According to the IRS, the federal estate tax is a tax on your right to transfer property when you pass away. The amount your gross estate had to total before the estate tax was triggered up until recently was less than one million dollars, so many Americans who had worked their whole lives to accumulate some wealth would instantly lose much of it when they pass away and are unable to transfer it to their children.
Fortunately, in 2012, the unified lifetime gift and estate tax exemption was increased to five million dollars and the tax rate continues to be at forty percent. The exemption number has also been adjusted for inflation for the coming years after 2012. So, unless you and your spouse have a gross estate of over $11.7 million when you both pass away, at this point in time, estate tax is no longer a grave concern. Nevertheless, you may be able to take advantage of salary reduction contributions by using a tax-favored employee benefits account. You might also consider using gifting strategies to transfer assets to your children or your favorite charity to reduce your taxes. Gifting strategies and salary reduction contributions should be discussed with your estate planning attorney during your free consultation.

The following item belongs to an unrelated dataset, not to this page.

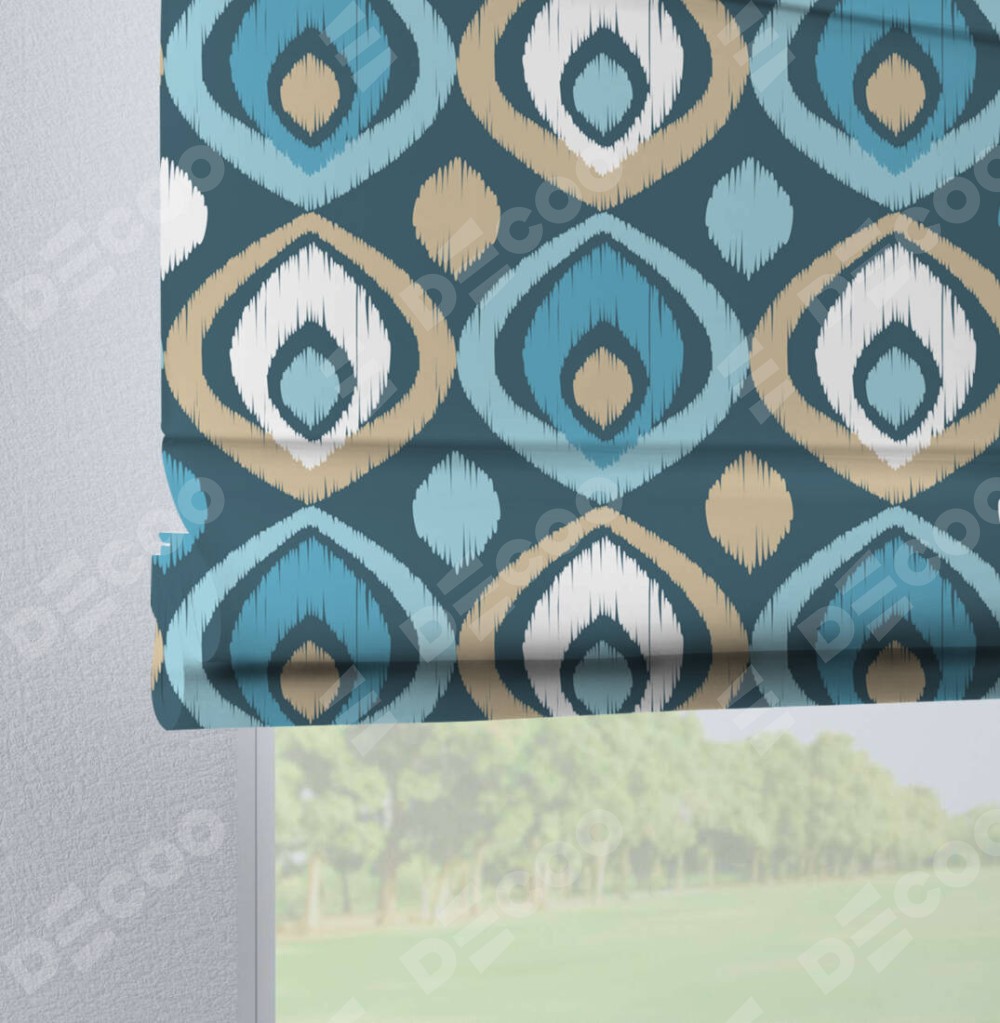 Римская штора «Кортин» на петлях «Икат орнамент»

Because of these and other legislative changes, your estate plan that was completed years ago might need some major revisions, and without them, your beneficiaries could be severely limited. With the right legal guidance from your estate planning attorney, you can avoid or minimize federal estate taxes and adjust your estate plan to current legislation, allowing you to leave more assets to your loved ones and other beneficiaries after your death.